* [Recorded data]:

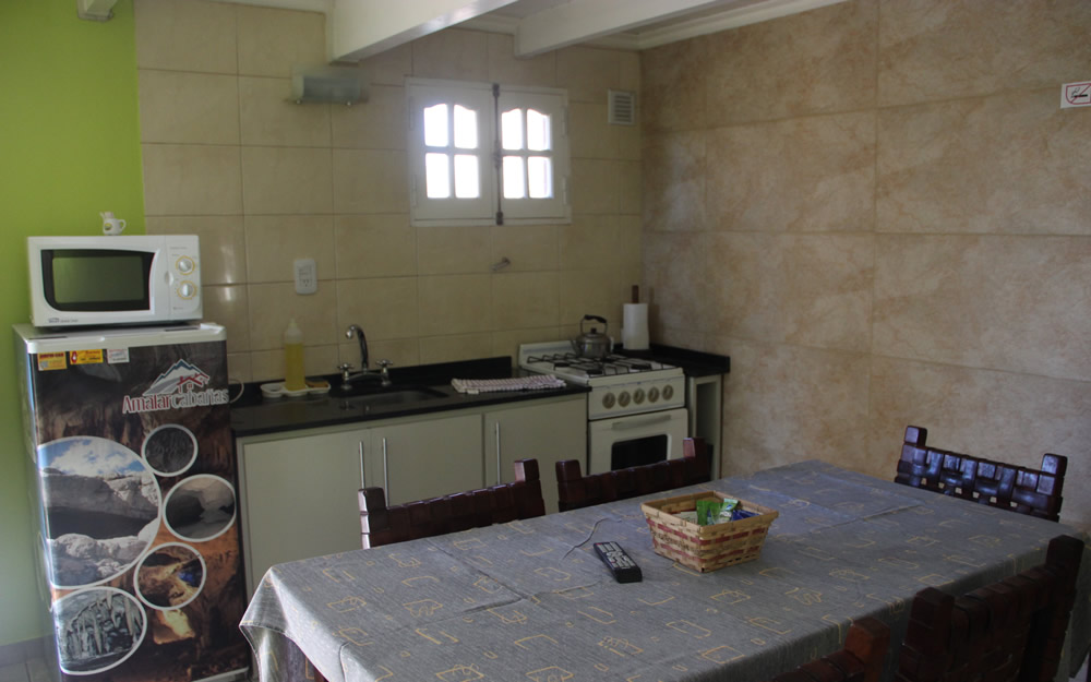 Como equipamiento poseen microondas, Cocina de cuatro hornallas (y horno), vajilla completa, microondas, heladera, tostadora eléctrica, TV LCD 32” c/servicio de Tv local (CTC), servicio de mucama diaria, elementos de toilette y secador de pelo; Blanco: toallas (exclusiva para la cabaña), que se cambian cada dos días y sábanas cada tres. Calefacción gas natural de tiro balanceado. Cada cabaña posee cochera cubierta individual a la entrada de la misma y Parrilla individual (churrasqueras).
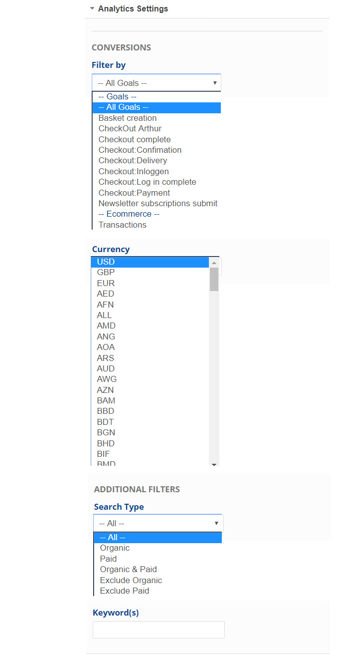 • Select from the list of world currencies the one you've set in your Google Analytics account for this domain.  If the currency you have set up in Google doesn't pass correctly through Google Analytics to Rank Ranger, you can change the currency symbol with this setting.
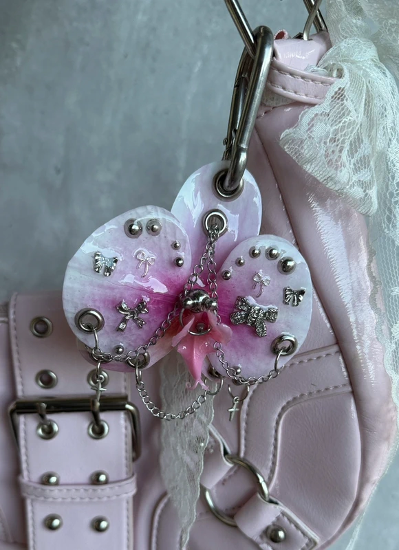 darkfairy, y2k, 2000s, alt goth, orchid keychain, orquidea, pierced flower, pierced orchid, emo, grunge, archive aesthetic, handmade accessory, bag charm, rave fashion, hello kitty, harajuku, punk, postapocalyptic, dolls kill, disturbia, demonia, new rock, pink bag with charm, orchid chain charms, accessories, bolso rosa, vintage, named collective, fierce, japan, witch, magic, trend, rock, trendy, cyber, 00s, retro, baddie, killstar, princess, queen, tiktok, skater, sk8, indie, coquette, coquettestyle, lolita, fest, techno, festival outfit, fashion, avantgarde, custom, esthetique, esthetic, vibes, euphoria fashion, esoteric, whimsical, witchery, witchy, fairy, fairycore, fripe, friperie, thriftshop, alternative subculture, 1616mode, cybergoth, mystic, occult, fairy goth, George Gina & Lucy, epoxy charm, one of a kind angelcore opium gift llavero orquídea indiesleaze angel fall avantgarde piercing piercings
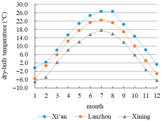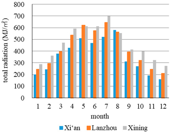 The mean monthly dry bulb temperature and total amount of solar radiation of the three cities are presented in Figure 3 and Figure 4. The monthly average temperature changes are similar in each city, with the minimum value occurring in January and the maximum value in July. The annual average temperatures of Xi’an, Lanzhou, and Xining are 14.1 °C, 10.2 °C, and 5.9 °C, respectively, while their corresponding annual total solar radiations are 4262.1 MJ/m2, 5041.9 MJ/m2, and 5601.0 MJ/m2 (1 kW·h/m2 ≈ 3.6 MJ/m2). It can be seen that the three cities exhibit significant differences in temperature, solar radiation, etc. Therefore, in the design process, the impact of climatic differences on building performance and the values of design parameters should be fully considered.
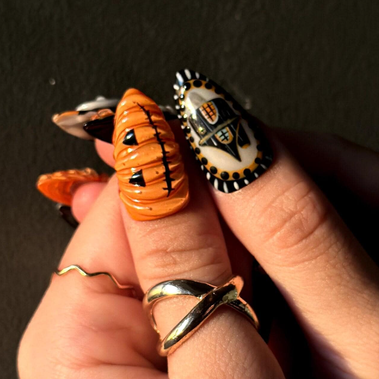Celebrate the season with these pumpkin Halloween press on nails. Featuring handmade 3D ghost and pumpkin designs with a haunted house vibe, this festive nail art set is perfect for October nights. Easy to apply and reusable, these spooky Halloween press on nails deliver long-lasting, salon-style fun for your manicure.
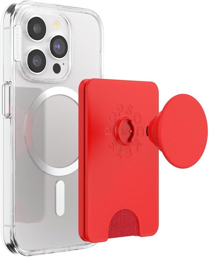 PopSockets Phone Wallet with Expanding Grip and Adapter Ring for MagSafe, Phone Card Holder, Wireless Charging Compatible, Wallet Compatible with MagSafe – Fatigue(Rosso)
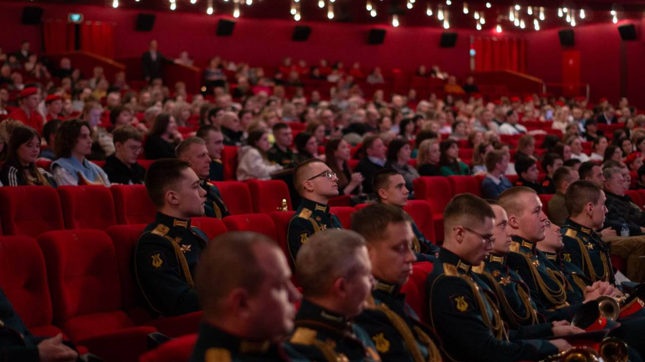 В главном зале кинотеатра собрались участники СВО, представители силовых структур, врачи военных госпиталей, юнармейцы, учащиеся военных учебных заведений, солдаты срочной службы, школьники. Организация мероприятия — часть образовательно-практического проекта «PROфнавигатор» и направления «PRO_Забота» корпоративной социальной ответственности Холдинга.
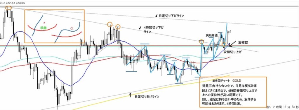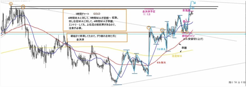 ただ、左のオレンジの枠に、移動平均線の、乖離&収縮を書いてるのですが、乖離しているところは、基本的にやりません。
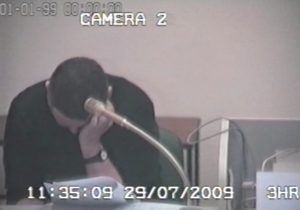 Deme Gábor azon a (detektívtükrön keresztül rögzített) kihallgatáson, amikor lejátszották neki a gyilkosságról készült hangfelvételt. (Forrás: Ankor.hu)
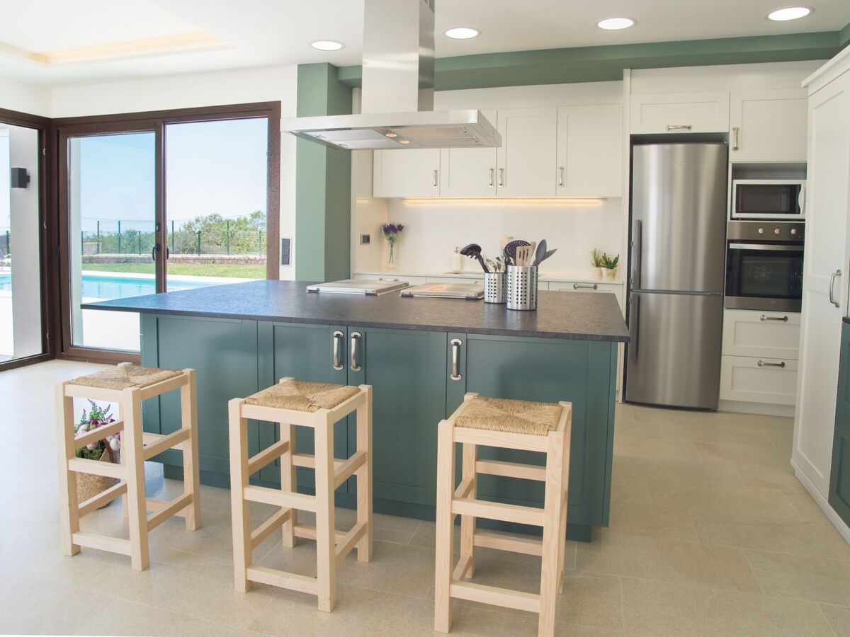 Des meubles et une décoration modernes se combinent avec goût à de hauts plafonds avec des poutres en béton apparentes et certains murs recouverts de pierres sèches, ce qui donne à la maison une ambiance rustique.
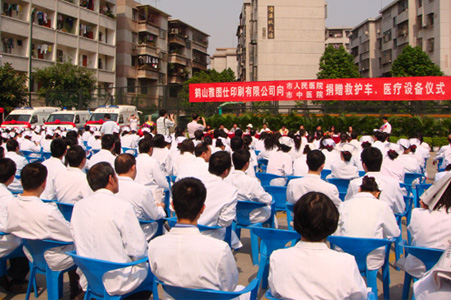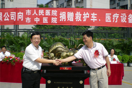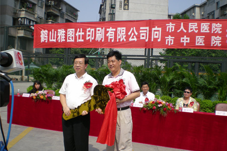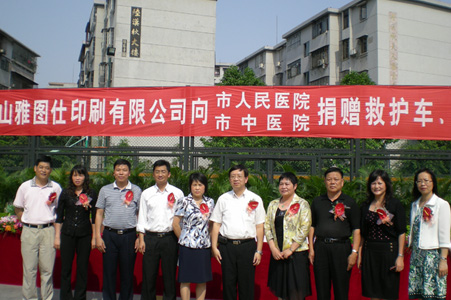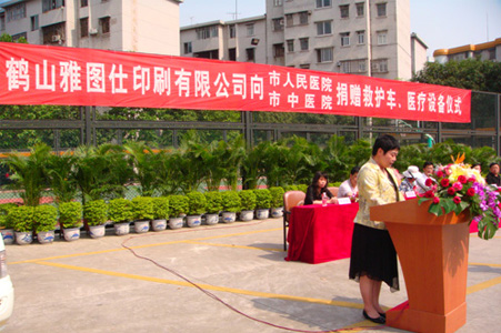 | 4月28日下午,在市人民医院篮球场举行鹤山雅图仕印刷有限公司向鹤山市人民医院和中医院赠送救护车和医疗设备捐赠仪式。鹤山市委副书记赵长欢,鹤山市人大常委会副主任、鹤山市人民医院副院长张子峰,鹤山市人民政府副市长赖燕芬女士,鹤山市工商联主席、市总商会会长、鹤山雅图仕印刷有限公司董事长冯广源,鹤山市委统战部副部长、工商联党组书记左方妍,鹤山市民政局副局长麦美菊,鹤山市人民医院院长李桂强,鹤山市中医院院长黄杰文等出席了捐赠仪式。
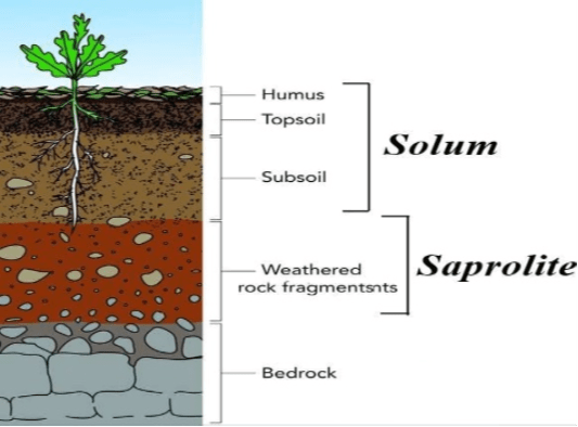 - It has two components: the solum and the saprolite.
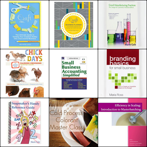 Bottom Row: Soapmaker’s Handy Reference Guide, E-Book Cold Process Colorant Master Class, E-Book Efficiency in Scaling
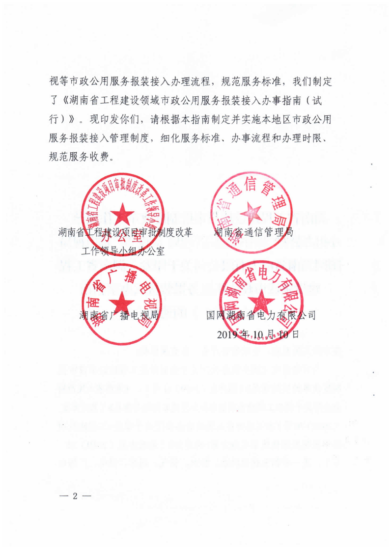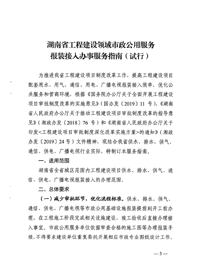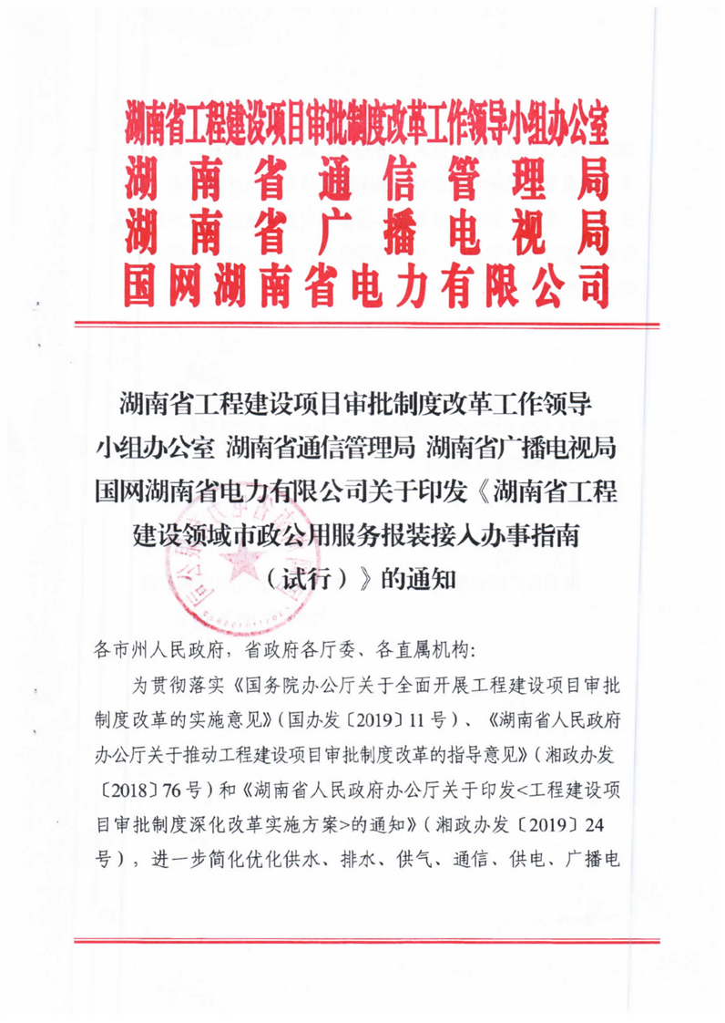 关于印发《湖南省工程建设领域市政公用服务报装接入办事指南(试行)》的通知

* [Task item]: Look above for the line containing "- It has two", then retype it and each line after it to the end of the records, exactly and without pictures.

* [Exercise response]:
 - It has two components: the solum and the saprolite.
 Bottom Row: Soapmaker’s Handy Reference Guide, E-Book Cold Process Colorant Master Class, E-Book Efficiency in Scaling
 关于印发《湖南省工程建设领域市政公用服务报装接入办事指南(试行)》的通知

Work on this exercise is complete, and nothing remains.